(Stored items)
[Start of Attachment]

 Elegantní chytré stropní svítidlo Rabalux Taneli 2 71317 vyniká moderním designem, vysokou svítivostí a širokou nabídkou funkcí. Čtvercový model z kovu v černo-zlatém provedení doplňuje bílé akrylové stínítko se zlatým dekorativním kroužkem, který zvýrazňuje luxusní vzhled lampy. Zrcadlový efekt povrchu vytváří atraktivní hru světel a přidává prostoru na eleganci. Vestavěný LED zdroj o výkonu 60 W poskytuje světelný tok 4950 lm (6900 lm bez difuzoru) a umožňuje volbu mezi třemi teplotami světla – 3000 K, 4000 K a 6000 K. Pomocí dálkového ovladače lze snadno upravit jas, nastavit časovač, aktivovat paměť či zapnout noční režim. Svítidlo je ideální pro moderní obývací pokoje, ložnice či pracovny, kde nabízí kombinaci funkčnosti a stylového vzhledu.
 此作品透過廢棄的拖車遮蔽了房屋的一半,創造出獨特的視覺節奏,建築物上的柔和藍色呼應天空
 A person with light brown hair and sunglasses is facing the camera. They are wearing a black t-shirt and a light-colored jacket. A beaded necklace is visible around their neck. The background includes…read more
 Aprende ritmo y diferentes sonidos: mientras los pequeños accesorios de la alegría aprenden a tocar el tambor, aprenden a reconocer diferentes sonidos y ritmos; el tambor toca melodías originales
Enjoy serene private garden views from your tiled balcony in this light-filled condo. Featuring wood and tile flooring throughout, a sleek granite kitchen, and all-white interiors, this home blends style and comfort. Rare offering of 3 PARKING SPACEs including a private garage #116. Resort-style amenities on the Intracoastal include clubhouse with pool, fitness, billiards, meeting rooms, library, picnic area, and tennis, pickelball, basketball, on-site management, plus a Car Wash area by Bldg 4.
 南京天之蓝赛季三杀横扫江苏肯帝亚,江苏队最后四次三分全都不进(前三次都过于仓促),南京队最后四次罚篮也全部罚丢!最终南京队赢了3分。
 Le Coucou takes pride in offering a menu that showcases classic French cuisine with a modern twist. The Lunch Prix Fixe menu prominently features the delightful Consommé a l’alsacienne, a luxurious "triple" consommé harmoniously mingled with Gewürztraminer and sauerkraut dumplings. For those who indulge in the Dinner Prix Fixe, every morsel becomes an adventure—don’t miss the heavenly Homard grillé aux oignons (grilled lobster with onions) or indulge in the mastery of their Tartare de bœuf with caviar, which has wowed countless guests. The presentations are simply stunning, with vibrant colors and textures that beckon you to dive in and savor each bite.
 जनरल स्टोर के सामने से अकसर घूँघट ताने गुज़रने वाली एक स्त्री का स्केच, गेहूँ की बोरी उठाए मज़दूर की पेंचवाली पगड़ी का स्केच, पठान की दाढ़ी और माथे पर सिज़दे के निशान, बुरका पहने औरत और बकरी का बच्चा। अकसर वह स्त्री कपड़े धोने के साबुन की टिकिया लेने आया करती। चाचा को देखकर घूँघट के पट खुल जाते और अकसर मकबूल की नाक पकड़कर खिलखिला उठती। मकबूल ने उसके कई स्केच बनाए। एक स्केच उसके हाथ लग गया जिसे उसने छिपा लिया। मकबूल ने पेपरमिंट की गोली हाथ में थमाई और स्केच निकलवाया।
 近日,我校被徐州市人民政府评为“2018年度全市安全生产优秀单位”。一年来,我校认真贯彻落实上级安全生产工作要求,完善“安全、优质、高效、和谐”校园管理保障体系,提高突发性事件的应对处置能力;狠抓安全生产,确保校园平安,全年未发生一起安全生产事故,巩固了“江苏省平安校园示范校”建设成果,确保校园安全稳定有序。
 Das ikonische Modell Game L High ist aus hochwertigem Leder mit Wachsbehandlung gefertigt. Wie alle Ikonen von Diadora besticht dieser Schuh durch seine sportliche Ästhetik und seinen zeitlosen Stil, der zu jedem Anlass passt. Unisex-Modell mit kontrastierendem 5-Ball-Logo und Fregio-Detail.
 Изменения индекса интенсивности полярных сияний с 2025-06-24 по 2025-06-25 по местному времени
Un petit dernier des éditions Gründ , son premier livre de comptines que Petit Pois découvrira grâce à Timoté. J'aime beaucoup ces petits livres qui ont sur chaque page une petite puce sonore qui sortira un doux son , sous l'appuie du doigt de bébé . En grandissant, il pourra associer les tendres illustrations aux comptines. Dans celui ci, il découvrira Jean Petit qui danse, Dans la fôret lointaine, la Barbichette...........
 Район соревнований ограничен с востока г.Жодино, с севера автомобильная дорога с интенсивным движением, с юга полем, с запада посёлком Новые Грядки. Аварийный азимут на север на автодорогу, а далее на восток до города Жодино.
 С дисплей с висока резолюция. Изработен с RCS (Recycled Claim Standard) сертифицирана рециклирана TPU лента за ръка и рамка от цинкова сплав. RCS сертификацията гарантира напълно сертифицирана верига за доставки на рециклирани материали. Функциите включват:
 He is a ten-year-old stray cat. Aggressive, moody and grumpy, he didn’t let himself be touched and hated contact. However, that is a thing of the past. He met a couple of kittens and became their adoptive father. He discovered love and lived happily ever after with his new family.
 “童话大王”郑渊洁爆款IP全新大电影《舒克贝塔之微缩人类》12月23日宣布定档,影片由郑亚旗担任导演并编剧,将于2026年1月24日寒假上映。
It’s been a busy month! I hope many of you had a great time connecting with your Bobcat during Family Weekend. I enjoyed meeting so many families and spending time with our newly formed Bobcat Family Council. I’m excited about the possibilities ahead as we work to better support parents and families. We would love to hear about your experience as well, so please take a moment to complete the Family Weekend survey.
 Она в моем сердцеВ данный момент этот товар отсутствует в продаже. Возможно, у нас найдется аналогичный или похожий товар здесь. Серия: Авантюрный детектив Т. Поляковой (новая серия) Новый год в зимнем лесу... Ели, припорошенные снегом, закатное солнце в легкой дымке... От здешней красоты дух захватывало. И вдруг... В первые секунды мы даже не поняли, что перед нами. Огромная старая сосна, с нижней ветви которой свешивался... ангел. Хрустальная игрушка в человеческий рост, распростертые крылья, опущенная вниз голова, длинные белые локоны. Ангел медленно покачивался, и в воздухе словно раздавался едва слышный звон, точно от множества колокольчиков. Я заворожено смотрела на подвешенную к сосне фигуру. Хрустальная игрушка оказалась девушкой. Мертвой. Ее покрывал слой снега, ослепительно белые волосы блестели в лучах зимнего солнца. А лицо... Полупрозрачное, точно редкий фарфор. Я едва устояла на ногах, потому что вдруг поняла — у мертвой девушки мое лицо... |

[End of Attachment]

● **EXERCISE INSTRUCTIONS**: Starting at the line that has "जनरल स्टोर के" and ending at the line that has "近日,我校被徐州市人民政府评", please write out the lines above exactly, leaving out all others.

● **ANSWER TO THE PROBLEM**:
 जनरल स्टोर के सामने से अकसर घूँघट ताने गुज़रने वाली एक स्त्री का स्केच, गेहूँ की बोरी उठाए मज़दूर की पेंचवाली पगड़ी का स्केच, पठान की दाढ़ी और माथे पर सिज़दे के निशान, बुरका पहने औरत और बकरी का बच्चा। अकसर वह स्त्री कपड़े धोने के साबुन की टिकिया लेने आया करती। चाचा को देखकर घूँघट के पट खुल जाते और अकसर मकबूल की नाक पकड़कर खिलखिला उठती। मकबूल ने उसके कई स्केच बनाए। एक स्केच उसके हाथ लग गया जिसे उसने छिपा लिया। मकबूल ने पेपरमिंट की गोली हाथ में थमाई और स्केच निकलवाया।
 近日,我校被徐州市人民政府评为“2018年度全市安全生产优秀单位”。一年来,我校认真贯彻落实上级安全生产工作要求,完善“安全、优质、高效、和谐”校园管理保障体系,提高突发性事件的应对处置能力;狠抓安全生产,确保校园平安,全年未发生一起安全生产事故,巩固了“江苏省平安校园示范校”建设成果,确保校园安全稳定有序。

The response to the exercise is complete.